CLOs Pawned Off To The FED
Now things are getting even crazier at the Fed's Swap-O-Rama as Buyout CLOs Are Being Used for Fed Loans.
Wall Street firms may be bundling high-yield, high-risk corporate loans into securities to use as collateral to borrow from the U.S. government, according to a report by Morgan Stanley analysts. Securities firms can borrow against collateralized loan obligations at the Federal Reserve's Primary Dealer Credit Facility, the analysts said. The Fed set up the facility last month, its first extension of credit to non-banks since the Great Depression.
They're also "an easy way for banks to reduce balance sheet risk, which indirectly helps reduce capital requirements, by funding the AAA through the Fed and selling the equity, which provides high yield to investors," said Peter Plaut, an analyst at hedge fund Sanno Point Capital Management in New York.
What passes as "analysis" these days is rather shocking. We just went through a period of bundling lousy mortgage loans into pools and on the theory that few would fail, and labeled the package AAA. That experiment didn't go so well.
The poster child for this is an 92.6% AAA rated Washington Mutual (WM) mortgage pool affectionately known as WMALT 2007-0C1. Here is the status of that pool as of March 31, 2008.
March Pool Stats
- 25.3% 60 day delinquent or worse
- 13.35% Foreclosure
- 4.44% REO
Bear in mind, that pool is less than a year old. For more details, please see WaMu Alt-A Pool Deteriorates Further.
Now we see CLOs being created for the express purpose of swapping to the Fed. The reason the CLOs are being created is there is no market for the underlying securities. Yet supposedly Moody's (MCO), Fitch, and the Standard and Poors are supposed to rate this garbage AAA so that it can be swapped with the Fed. Amazing.

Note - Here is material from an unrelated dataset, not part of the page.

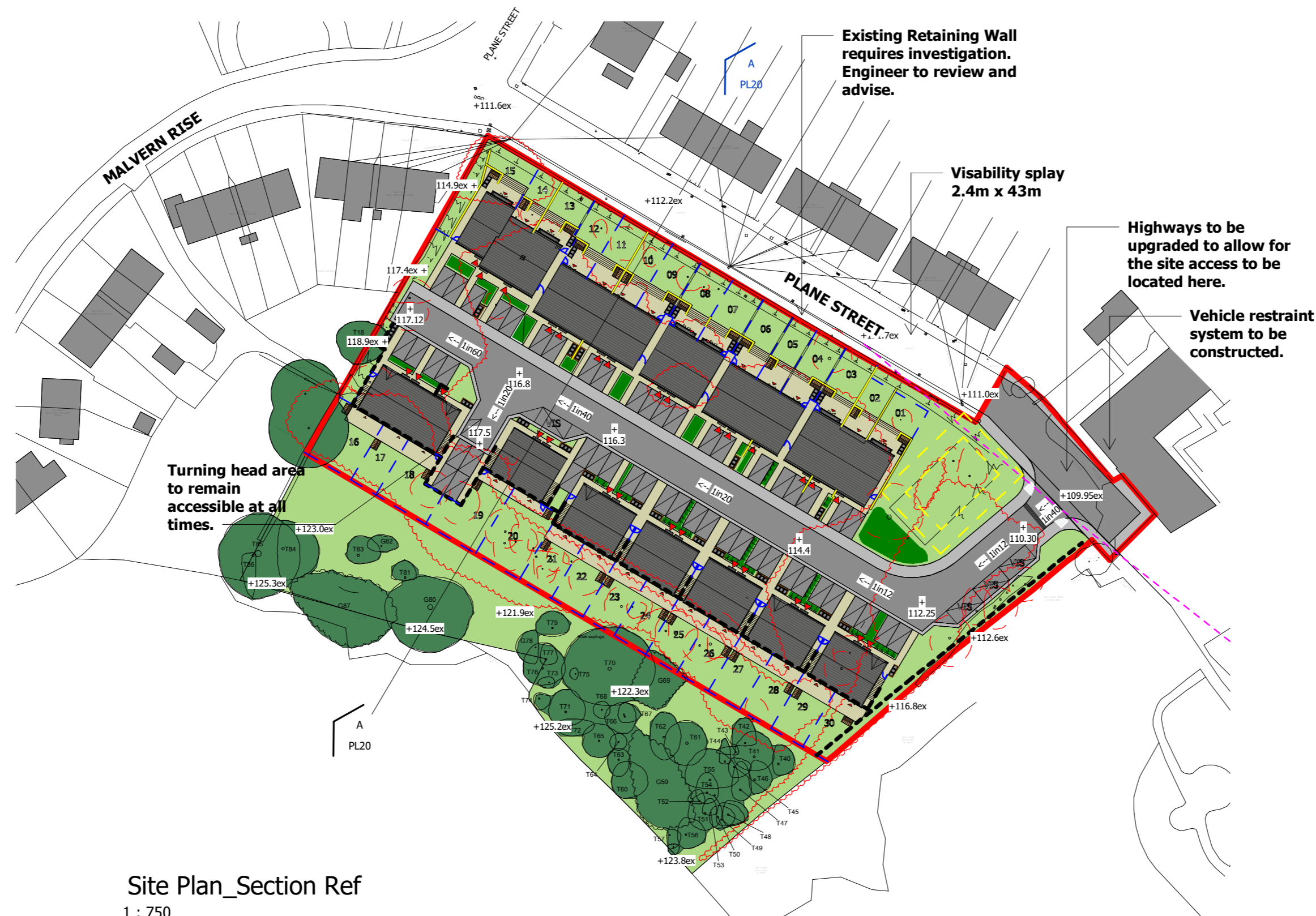
Site Plan_Section Ref 1 : 750

This idea is endorsed by Plaut who writes: It's "an easy way for banks to reduce balance sheet risk, which indirectly helps reduce capital requirements, by funding the AAA through the Fed and selling the equity, which provides high yield to investors."
Sadly, this is just the beginning of crazy ideas. I guarantee it. More are coming, and they will all gather proponents. Yet every one of them will further undermine trust. I guarantee that too.